Throughout both interviews I was wondering if the hosts would ask the questions I wanted answered. They waited until the end, but the questions were asked. Unfortunately, both answers were pure PR.
Apple pretended to be baffled by all this bizarre talk, going so far as to say developer concerns were not founded on reality. They doubled down on how much they love and support developers. No specific issues were addressed at all. They seem to think bringing “energy" to developer relations was a response. It’s not. They closed by saying developer concerns were “crazy." Condescending much?
I didn’t know what to expect from John Deere’s CTO. The technical content of the episode was great. He obviously knows what he’s talking about and provided a compelling vision of how John Deere would support a future of farming. Until we got to the question. He doubled down on the security and safety argument for not allowing software changes. Somebody could make a crazy software change that would turn a giant combine into a weapon of mass destruction. In some ways I’m sympathetic. No doubt they see their product as a closed system. What they’re missing is that they’ve become a platform. John Deere needs to do all the same things Apple has done with iOS. Provide APIs and secure hardware so people can develop against a safe and secure sandbox. John Deere should have an app store. And so on. When you are used to creating embedded systems and highly integrated systems the change to becoming a platform is a big one, but it’s one customers want. Repeating all the same old safety and security arguments to maintain the status quo isn't recognizing what the future needs to look like.

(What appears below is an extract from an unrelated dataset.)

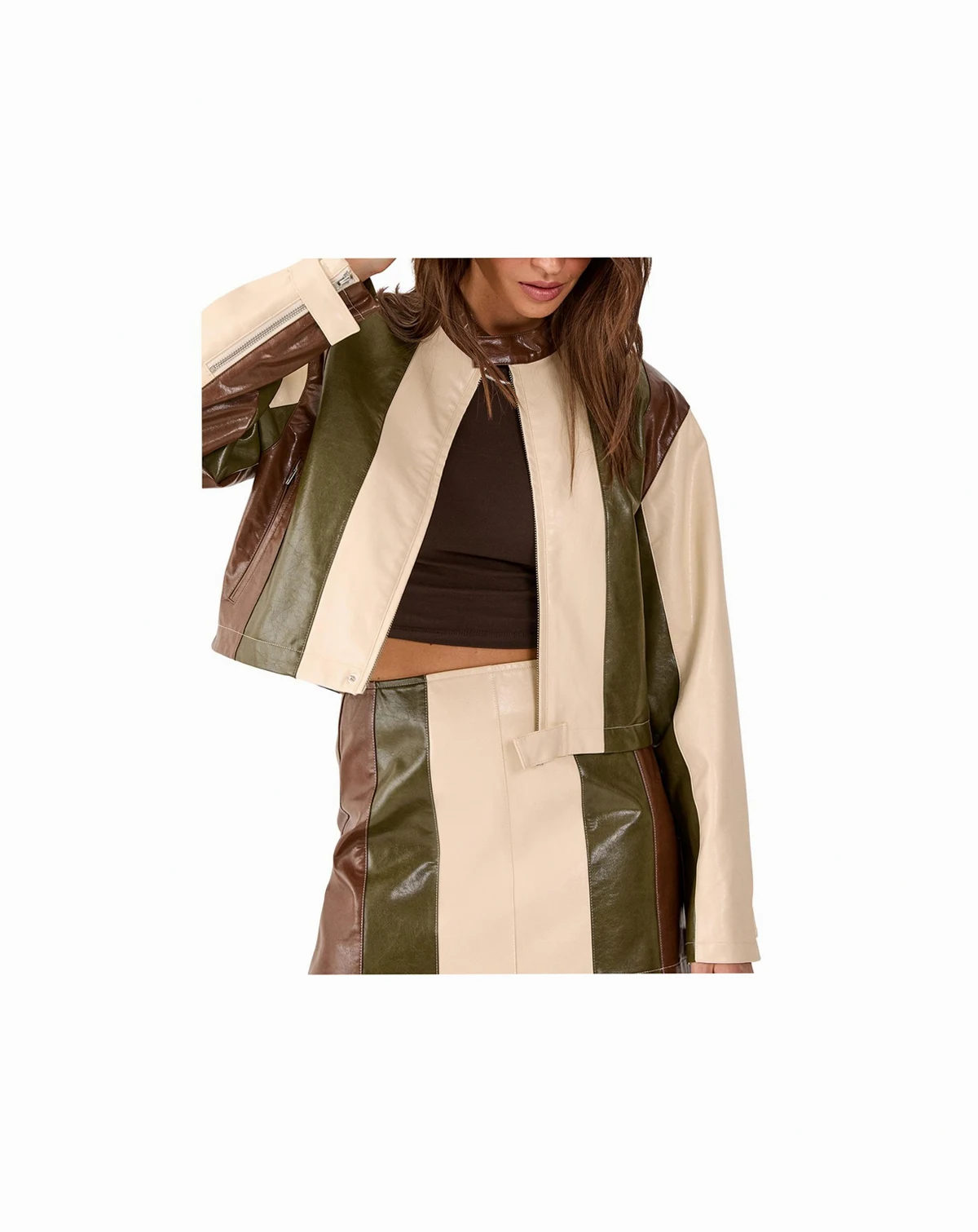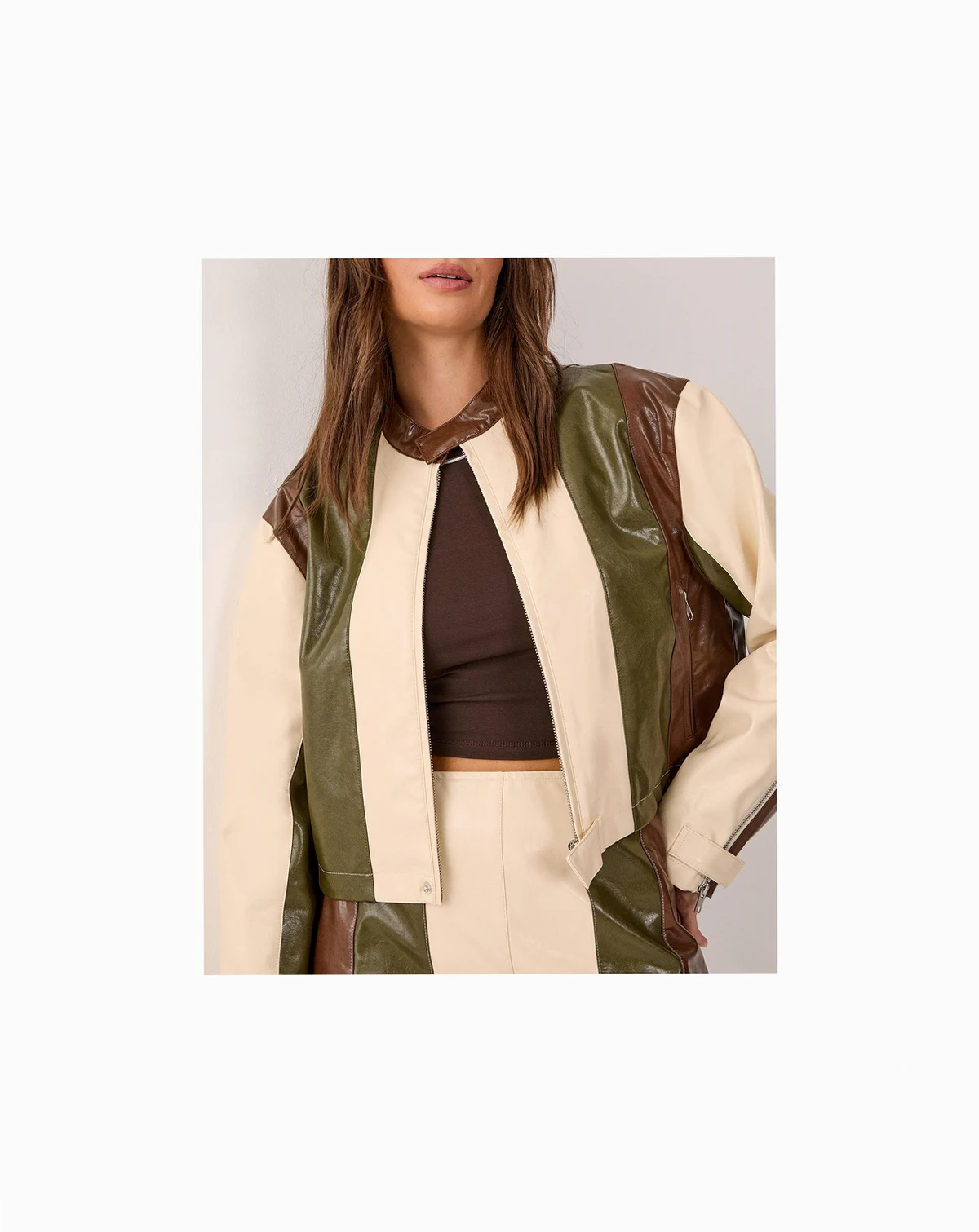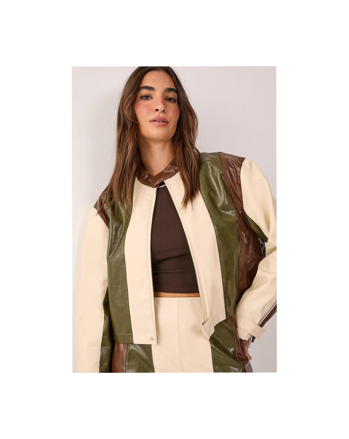 Striking panelled design with bold colour blocking for a contemporary edge. Classic biker silhouette with modern proportions and clean lines. Faux leather construction with contrasting textures for added visual interest. Versatile cropped length perfect for layering over various outfits. Coordinating mini skirt available for a complete statement ensemble. Make a bold fashion statement with this eye-catching panelled colour block faux leather biker jacket from nastygal.

Cloud repatriation sparked a lot of commentary. My first thought was this is a lot like horse owners telling car owners horses have a much lower TCO. That kind of misses the point. But cloud providers now think they are Apple and price doesn’t matter. By not continuing a drive towards lower costs for customers they will open themselves up to disruption. What form that will take I don’t know. I do know it won’t be a return to the good old days of on-premise architectures. Those days sucked.
How soon people forget. Back in the elder days one of the questions I would often get on HS is how to create a large site like Yahoo. When you think about the number of skills you have to master to create a site like Yahoo it was mind numbing. I was literally speechless because I realized if you didn’t know there was no way to explain it. There was just too much. I don’t think people appreciate just how hard it is to build a complete system in a datacenter from scratch.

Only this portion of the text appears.